Automatic differentiation with JUDI
In this tutorial, we will look at the automatic differentiation in julia, and in particular how ChainRules.jl supports addition of your own differentiation rules into Julia's Automatic Differentiation system. This allows for seamless integration between your code, including its handcoded derivatives, and Julia's native AD systems, e.g. those used by Flux Julia's machine learning platform. We use ChainRules.jl to automatically differentiate codes that involve complex operations implemented by JUDI.jl (this example) and JOLI.jl.
Introduction to chain rules
We first provide a brief introduction to automatic differentiation and to rrule
, the ChainRules.jl interface used to define custom AD rules. With this rules defined, we show how we can use generic AD frameworks (Zygote/Flux in this tutorial) to compute gradients of complicated expression swaping in our own rule for part of the expression.
using Flux, ChainRulesCore, LinearAlgebra, JOLI
Simple example
Let's consider a simple example with a basic differentiable function $x -> cos(x) + 1$
mycos(x) = cos(x) + 1
mycos (generic function with 1 method)
Now we know that the derivative of this function is $x -> -sin(x)$ from standard functional analysis.e can therefore define through chainrules a new rule for our function f
function ChainRulesCore.rrule(::typeof(mycos), x)

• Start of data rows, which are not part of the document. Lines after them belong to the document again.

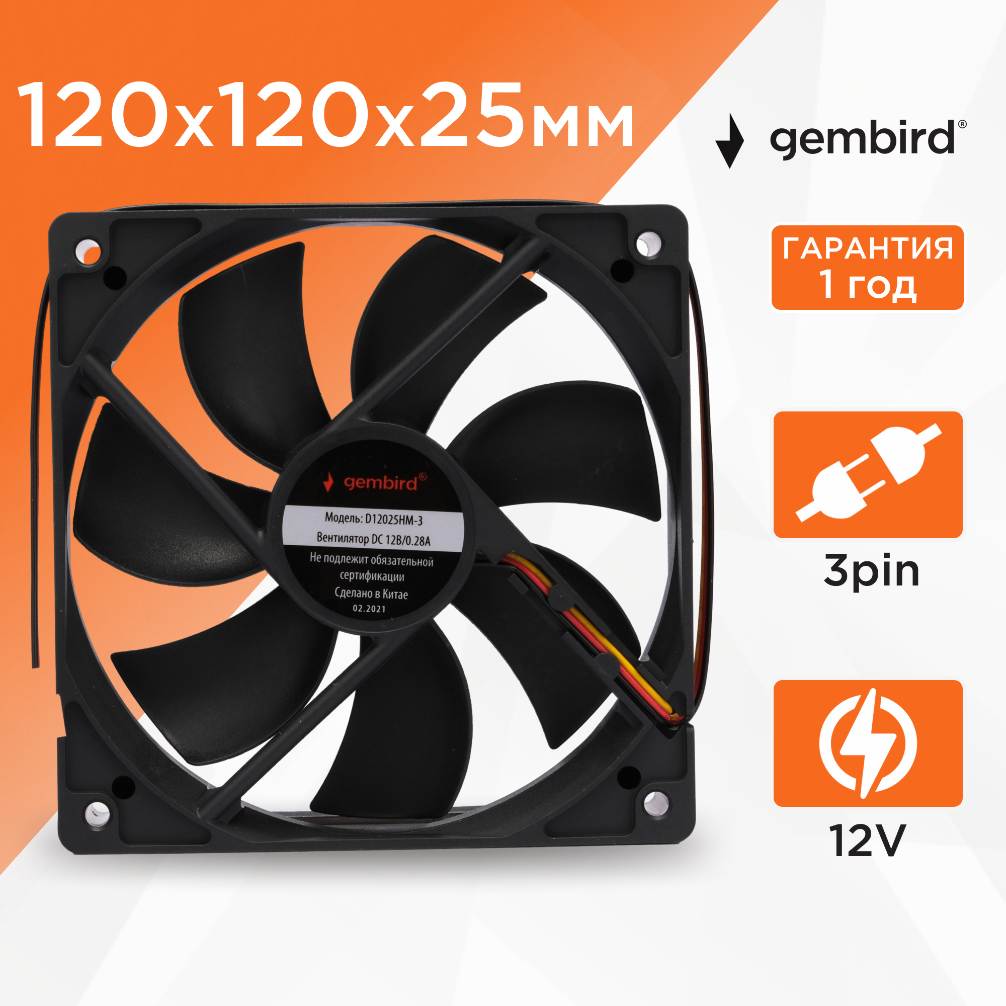 Вентилятор для корпуса Gembird D12025HM-3 черный (размер: 120х120)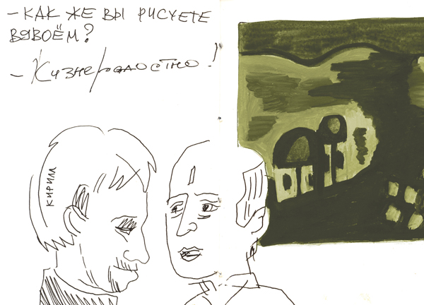 <<Записная книжка. Страница 3.. По бульвару Молодых дарований. Открытия выставок 1-й Московской международной биеннале молодого искусства «Стой! Кто идет?»
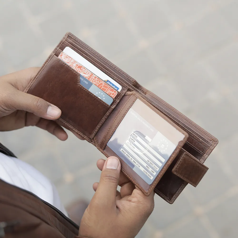 The Leather Card Wallet – Luis Alperto is crafted from Luxury Oiled Leather with a Distressed Finish, giving it a timeless, rugged look. Featuring a secure Tab Button Closure, multiple Credit Card Slots, an ID Window, and a Note Section, this wallet offers practical organisation. With added RFID Protection, it ensures your personal information is safe, blending style with functionality for everyday use.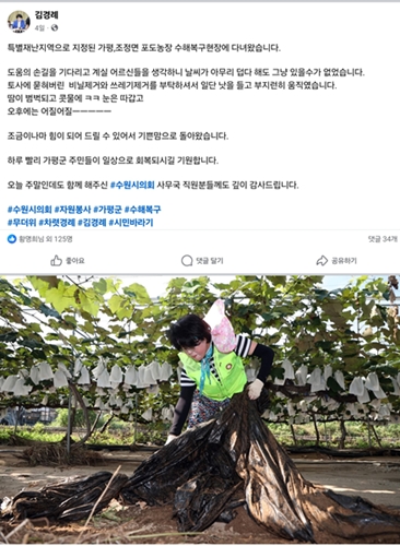 ¼ö¿øÆ¯·Ê½ÃÀÇȸ ±è°æ·Ê ÀÇ¿øÀÌ Áö³­´Þ 27ÀÏ °¡Æò±º ¼öÇØ º¹±¸¸¦ ´Ù³à¿Â µÚ ÀÚ½ÅÀÇ SNS ÆäÀ̽ººÏ¿¡ ¿Ã¸° ±Û°ú »çÁø/»çÁø=±è°æ·Ê ÀÇ¿ø ÆäÀ̽ººÏ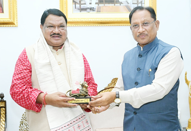 मुख्यमंत्री विष्णुदेव साय से केंद्रीय जनजातीय कार्य मंत्री जुएल ओराम ने की सौजन्य मुलाकात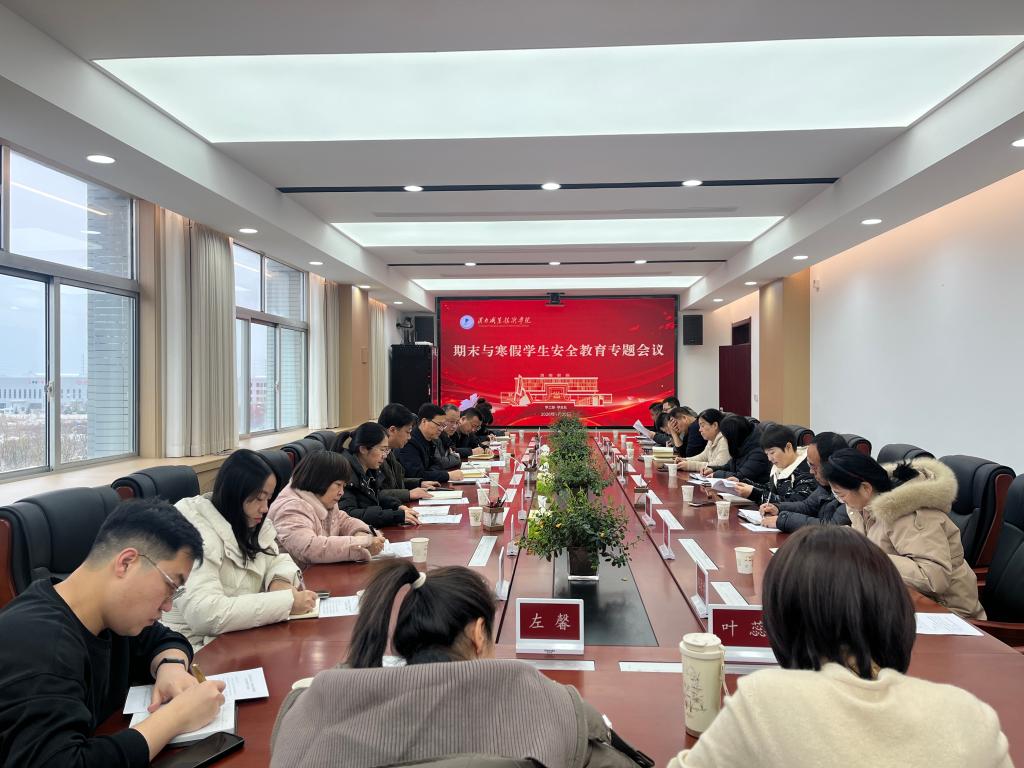 1月20日,我校在行政楼五楼会议室召开2026年期末与寒假学生安全教育专题会议。党委委员、副校长赵永刚,学生处处长赵国辉,副处长陈旭铖,学生管理科科长常振华,各二级学院主管学生工作党总支书记(副书记)及学生科科长(副科长)参加。会议由学生处副处长王强主持。常振华组织与会人员集中学习《...

println("Using custom AD rule for mycos")
y = mycos(x)
pullback(Δy) = (NoTangent(), -sin(x)*Δy)
return y, pullback
end
We now have the rule to compute the directional derivative of our function mycos
. Let's check the gradient
x0 = randn()
# Standard AD of cos
g1 = gradient(x->norm(cos(x)+1)^2, x0);
# Our definition
g2 = gradient(x->norm(mycos(x))^2, x0);
# Analytical gradient
g3 = -2*sin(x0)*(mycos(x0));
println("True gradient: $(g3) \nStandard AD : $(g1[1]) \nCustom AD : $(g2[1])")

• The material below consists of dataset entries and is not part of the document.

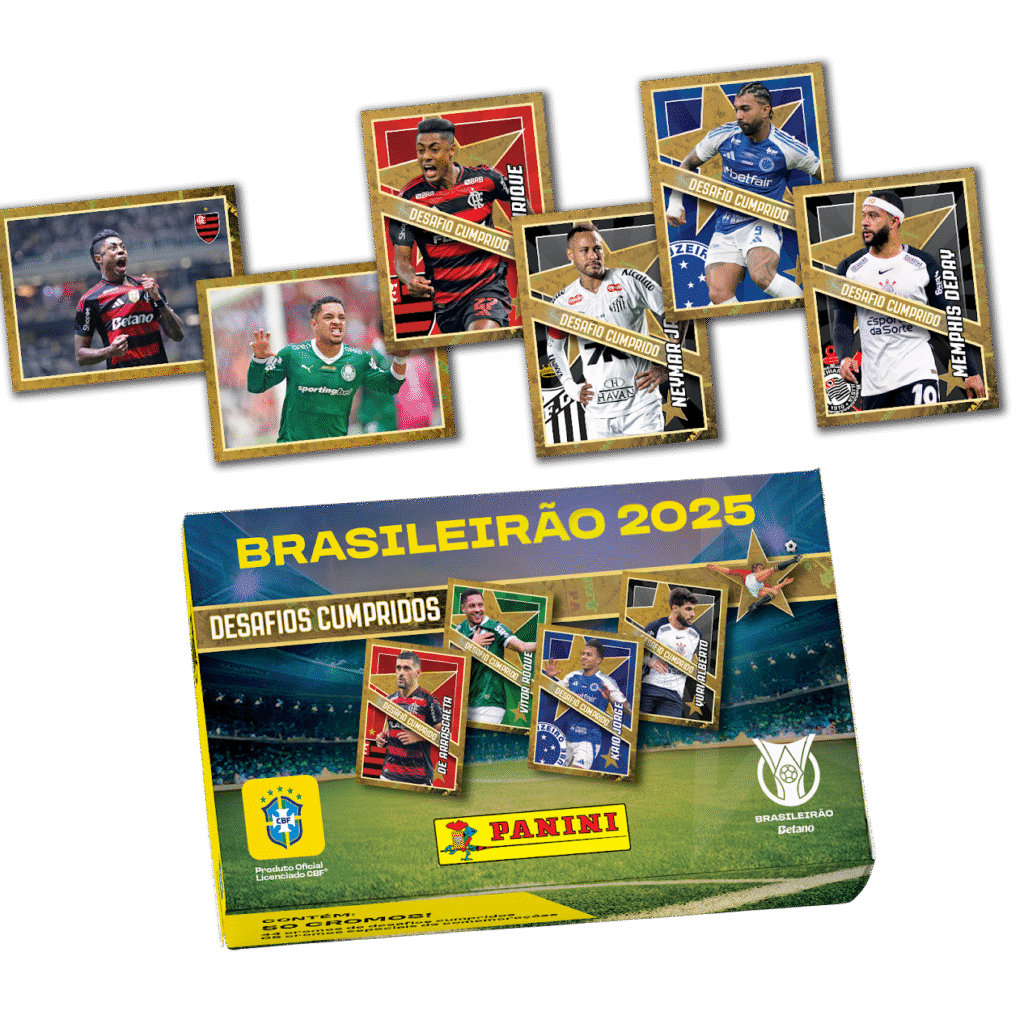 Finalizando essa edição histórica do campeonato brasileiro, a Panini também está lançando o Box com os jogadores que atingiram os desafios propostos no álbum do Brasileirão 2025. A coleção inclui 44 figurinhas dos jogadores e 6 cromos especiais de comemorações de gols dos cinco times melhores colocados no campeonato.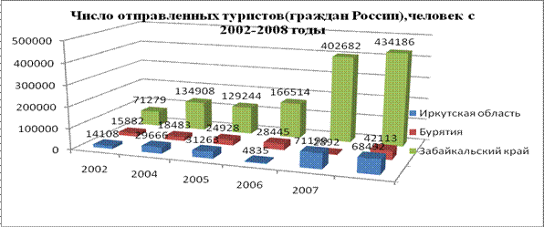 Существенно преобладает в Забайкальском крае выездной туризм и в сравнении с Иркутской областью и Бурятией его показатели выше в 3 раза.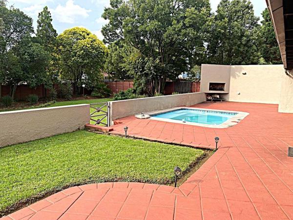 Step inside the main house to find an inviting entrance hall leading to a spacious lounge and dining area, complemented by a large, cozy TV room with a built-in braai, fireplace, and sliding doors that open to an entertainment area next to a sparkling pool.

Using custom AD rule for mycos
True gradient: -1.1650215811256202
Standard AD : -1.1650215811256202
Custom AD : -1.1650215811256202
And we see that we get the correct gradient. Now this is an extremely simple case, now let's look at a more complicated case where we define the AD rule for matrix-free operators defined in JOLI.
JOLI
We look at how we define automatic differentiation rules involding matrix-free linear operator. We consider operations of the form A*x
where A
is a JOLI matrix-free linear operator and we differentiate with respect to the input x
In JOLI, the base type of our linear operator is joAbstractLinearOperator
. If we define the rule for this abstract type, all linear operator should follow. Now in this case the acual operation to be differentiated is the multiplication *
with two inputs (A, x
). Because we consider A
to be fixed,its derivative will be defined as NoTangent
that is ChainRules
's way to state there is no derivative for this input.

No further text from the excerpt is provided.